▶ WHAT TO DO
Each of the records must appear again, exactly as it was written.

▶ WORKING DATA
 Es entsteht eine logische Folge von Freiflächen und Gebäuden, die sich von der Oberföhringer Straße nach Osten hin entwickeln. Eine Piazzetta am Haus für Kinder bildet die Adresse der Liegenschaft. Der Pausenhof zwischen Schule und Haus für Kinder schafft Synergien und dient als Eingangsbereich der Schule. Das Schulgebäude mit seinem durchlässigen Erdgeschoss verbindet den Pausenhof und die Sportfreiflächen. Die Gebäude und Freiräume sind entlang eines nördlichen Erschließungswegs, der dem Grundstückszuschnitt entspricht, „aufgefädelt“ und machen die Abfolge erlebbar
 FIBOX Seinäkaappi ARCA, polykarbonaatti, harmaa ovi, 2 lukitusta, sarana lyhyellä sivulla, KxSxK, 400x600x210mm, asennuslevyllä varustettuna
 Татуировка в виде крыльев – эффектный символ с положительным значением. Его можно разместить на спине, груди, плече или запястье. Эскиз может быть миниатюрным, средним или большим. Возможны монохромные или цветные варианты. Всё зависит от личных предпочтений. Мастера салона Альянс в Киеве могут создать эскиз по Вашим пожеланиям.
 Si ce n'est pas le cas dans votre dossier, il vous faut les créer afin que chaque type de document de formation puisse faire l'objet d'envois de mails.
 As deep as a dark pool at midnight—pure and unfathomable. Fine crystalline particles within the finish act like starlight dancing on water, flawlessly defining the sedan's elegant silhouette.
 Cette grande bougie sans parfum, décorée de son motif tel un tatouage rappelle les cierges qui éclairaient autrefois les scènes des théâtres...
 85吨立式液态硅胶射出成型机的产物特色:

▶ THE COMPLETED TASK
 Es entsteht eine logische Folge von Freiflächen und Gebäuden, die sich von der Oberföhringer Straße nach Osten hin entwickeln. Eine Piazzetta am Haus für Kinder bildet die Adresse der Liegenschaft. Der Pausenhof zwischen Schule und Haus für Kinder schafft Synergien und dient als Eingangsbereich der Schule. Das Schulgebäude mit seinem durchlässigen Erdgeschoss verbindet den Pausenhof und die Sportfreiflächen. Die Gebäude und Freiräume sind entlang eines nördlichen Erschließungswegs, der dem Grundstückszuschnitt entspricht, „aufgefädelt“ und machen die Abfolge erlebbar
 FIBOX Seinäkaappi ARCA, polykarbonaatti, harmaa ovi, 2 lukitusta, sarana lyhyellä sivulla, KxSxK, 400x600x210mm, asennuslevyllä varustettuna
 Татуировка в виде крыльев – эффектный символ с положительным значением. Его можно разместить на спине, груди, плече или запястье. Эскиз может быть миниатюрным, средним или большим. Возможны монохромные или цветные варианты. Всё зависит от личных предпочтений. Мастера салона Альянс в Киеве могут создать эскиз по Вашим пожеланиям.
 Si ce n'est pas le cas dans votre dossier, il vous faut les créer afin que chaque type de document de formation puisse faire l'objet d'envois de mails.
 As deep as a dark pool at midnight—pure and unfathomable. Fine crystalline particles within the finish act like starlight dancing on water, flawlessly defining the sedan's elegant silhouette.
 Cette grande bougie sans parfum, décorée de son motif tel un tatouage rappelle les cierges qui éclairaient autrefois les scènes des théâtres...
 85吨立式液态硅胶射出成型机的产物特色:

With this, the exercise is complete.